In 1992, in a world where cartoon characters co-exist amongst humans, Acme Corporation scientist Dr. Lorre leaks a message to an unknown contact before being captured and imprisoned inside an Acme portable hole.

Thirty years later, Wile E. Coyote, tired of failing to catch the Road Runner, sees a television ad for Avery, Jones & Maltese, a personal injury law firm in Albuquerque specializing in cartoon violence cases involving Acme products. Wile E. meets with the senior partner Kevin Avery, looking to sue Acme for the various defective devices used in chasing the Road Runner. While Kevin's niece and intern Paige is eager to take Acme to court, Kevin prefers to settle to avoid a risky trial. However, Wile E. rejects the settlement offered by Acme's lawyer Buddy Crane, forcing a trial.

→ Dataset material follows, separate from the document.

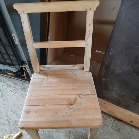 Gammel lyseblå stol i tre. 78 cm høy. Vintage, retro, antikk.
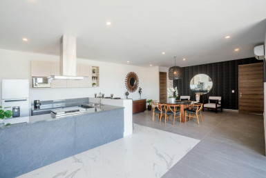 Experience bright, tropical living just across from the beach! This beautifully updated, fully furnished 3-bed, 3-bath penthouse in the boutique Santa Fe complex at Flamingos blends coastal elegance with a relaxed resort feel. The light-filled open-concept living & dining area features fresh, modern furnishings & flows seamlessly onto a spacious terrace overlooking a lush green area & golf course development and mountains. Two airy bedrooms with en-suite baths are on the main level, while the upper-level master suite offers a cozy, private terrace and luxurious jacuzzi bath & shower–the perfect tropical retreat. Enjoy amenities including a sparkling pool, two parking spaces, & easy access to miles of scenic biking & walking trails & private access to beach.

The firm tries to subpoena the Road Runner to testify, but he evades them. Meanwhile, Acme CEO Foghorn Leghorn warns Buddy to prevent the trial from revealing any corporate secrets. After a poor first trial session, Kevin receives a tip from an anonymous whistleblower to meet with former Acme employee Daffy Duck, who conveys the warning Lorre sent him in 1992 about "Project Sisyphus". Kevin admits to Wile E. that he tries to settle all cases due to having lost multiple trials early in his career, but Wile E. encourages Kevin to believe he can beat Acme the same way Wile E. believes he will catch the Road Runner. Though this inspires Kevin, he soon discovers Wile E.'s motive for the lawsuit is to capture the Road Runner in court. Meanwhile, Paige learns from Lorre's wife Granny that, before his disappearance, Lorre did product development for Acme, who now force their pet Tweety to serve as Acme's mercenary.

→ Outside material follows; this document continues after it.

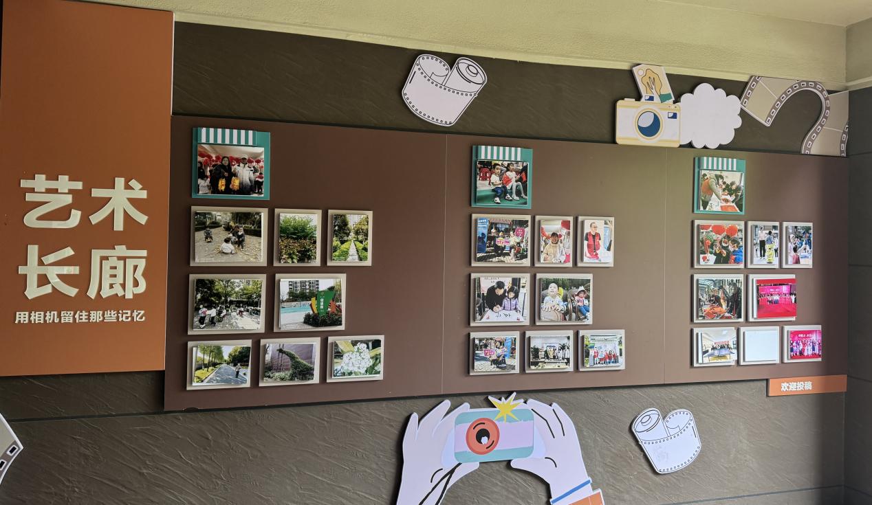 一方面,依托社区“乐龄先锋”志愿队中书画摄影爱好者的力量,将闲置空间打造为集展示与交流功能于一体的文化园地,既美化了环境,也为居民提供了互动分享的平台。另一方面,社区积极对接外部优质资源,引入“明·美术馆”的“艺术进社区”项目,在北极星花园2幢架空层精心打造艺术主题楼道。

The team discovers the whistleblower is Bugs Bunny, who reveals Project Sisyphus is a product testing program formerly headed by Dr. Lorre, using cartoon violence to improve Acme's products for humans. When the program drove its test subjects insane, Lorre tried to object, but was silenced, and Acme pivoted to testing in the wild on unsuspecting clients like Wile E. Off Bugs' suggestion, Kevin tries to get Project Sisyphus on the record by questioning Acme's Head of PR Tasmanian Devil on the stand, but Acme's legal team sabotage him and the judge dismisses the case. However, Kevin reveals the conspiracy to the press, prompting the government to call a congressional hearing in Washington, D.C. Wile E. only agrees to join when Kevin claims the Road Runner will be there. The night before the hearing, Kevin admits the truth after being badgered about it and berates Wile E. for his obsession with the Road Runner, prompting Wile E. to storm out. While wandering the streets, Wile E. narrowly evades Tweety's attempt to kill him. Kevin tries to rescue him, but gets knocked out and separated when Wile E. abandons him once again, still offended.

Kevin rejects a last bribe attempt by Buddy and gives an impassioned speech at the hearing, admiring Wile E.'s determination despite repeated failures. Wile E. arrives, having overheard, and reconciles with Kevin. Kevin gets Foghorn to publicly admit to Project Sisyphus, but Foghorn argues that cartoons like Wile E. are not important enough for anyone to care if they are harmed. However, the Road Runner arrives and testifies to the harm Acme products have caused Wile E. over the years and further explains as Wile E.'s friend that he cares for and misses him, moving Wile E. to spare him. Senator Elmer Fudd declines to pursue federal charges due to Wile E. being the sole plaintiff. As Buddy and Foghorn gloat, Wile E. activates the trap he had set for the Road Runner, caging and humiliating the Acme team.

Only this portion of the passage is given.